Le résultat de ces petits arrangements avec la vérité est qu’un nombre de plus en plus important de nos concitoyens nourrissent une méfiance à priori envers le pouvoir en place. Ils le soupçonnent systématiquement de louvoyer et d’avoir une intention cachée. 

Par exemple, concernant la chloroquine, les hypothèses les plus farfelues ont circulé pour expliquer les réticences du gouvernement à en autoriser la prescription.

"C’est un médicament pas cher, affirmaient certains, ça n’arrange pas les laboratoires pharmaceutiques de le fabriquer. Ils ne vont pas gagner d’argent. C’est pour cette raison qu’on ne veut pas l’autoriser".

D’autres ont avancé la rivalité entre le mari de l’ex-ministre de la santé, Agnès Buzyn, et le professeur Didier Raoult. C’était donc le caprice d’un puissant qui bloquait l’autorisation et la diffusion d’un médicament présenté alors comme un remède miracle. 

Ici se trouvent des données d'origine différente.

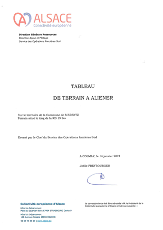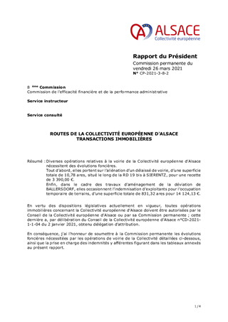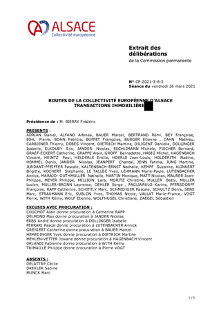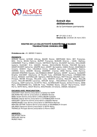 ROUTES DE LA COLLECTIVITÉ EUROPÉENNE D'ALSACE TRANSACTIONS IMMOBILIÈRES

La défiance a priori peut rapidement tourner au complotisme

La même défiance s’exprime suite à la décision d’Emmanuel Macron de rouvrir les écoles à partir du 11 mai.

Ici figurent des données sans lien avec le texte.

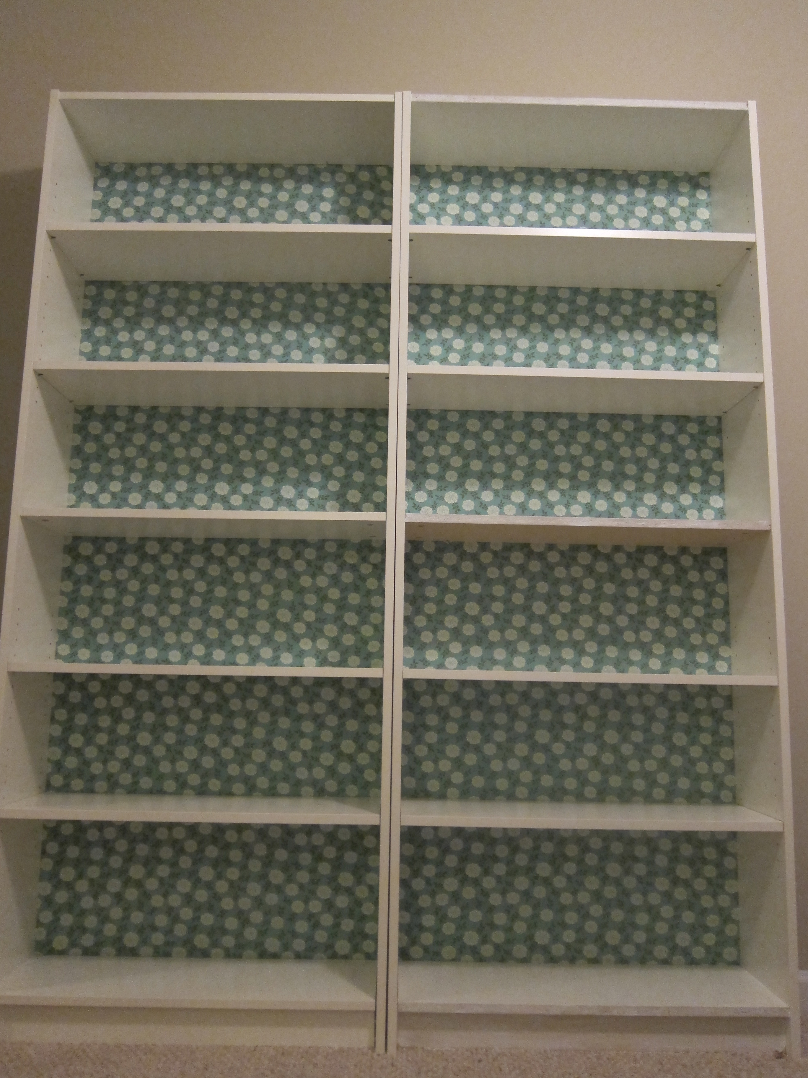 I put a couple of the shelves in backwards on the right hand shelf, and I had to paint the exposed particle board white. I suppose I could have unscrewed the pieces and done it the right way, but when you’re putting together an IKEA bookcase, you hit a point where you’re like, “Eff this, I just want it to be over.”

Pour justifier cette décision, le chef de l’Etat a expliqué qu’il s’agit d’éviter à des enfants en décrochage scolaire, notamment dans les quartiers et milieux défavorisés, d’être pénalisés plus longtemps. 

Mais la machine à soupçons s’est aussitôt mise en route : "Pas du tout. Pensez-vous. Ce que veut le président, c’est mettre les enfants à l’école pour remettre les parents au travail afin de faire redémarrer l’économie. Parce qu’il n’a que ça en tête, Emmanuel Macron, faire bosser les gens pour faire de l’argent !"

Face à cette défiance, on peut voir que le pouvoir exécutif essaie de se décharger un peu de ses responsabilités. Pendant plusieurs semaines, il s’en est remis à la parole des scientifiques. C’était uniquement sur leurs conseils que les décisions étaient prises.

Aujourd’hui, le président de la République semble avoir repris la main. Il a décidé la réouverture des écoles le 11 mai contre l’avis du Conseil Scientifique. 

Mais face au risque que représente cette décision et pour répondre à l’avance au procès qui lui est fait de vouloir redémarrer l’économie à tout prix, il a décrété que la reprise des cours aurait lieu uniquement sur la base du volontariat.

Ce sont donc les parents qui vont décider de renvoyer ou pas leurs enfants en classe.

Au-delà de la confusion que tout ça crée, aujourd’hui, dans la gestion de cette crise, nous savons qu’après coup, l’exécutif devra rendre des comptes. C’est la règle en démocratie. 

Et il lui sera fait des procès de toutes sortes, juridiques comme politiques.

Certains seront sans doute légitimes. D’autres relèveront, à tort ou à raison, du procès d’intention.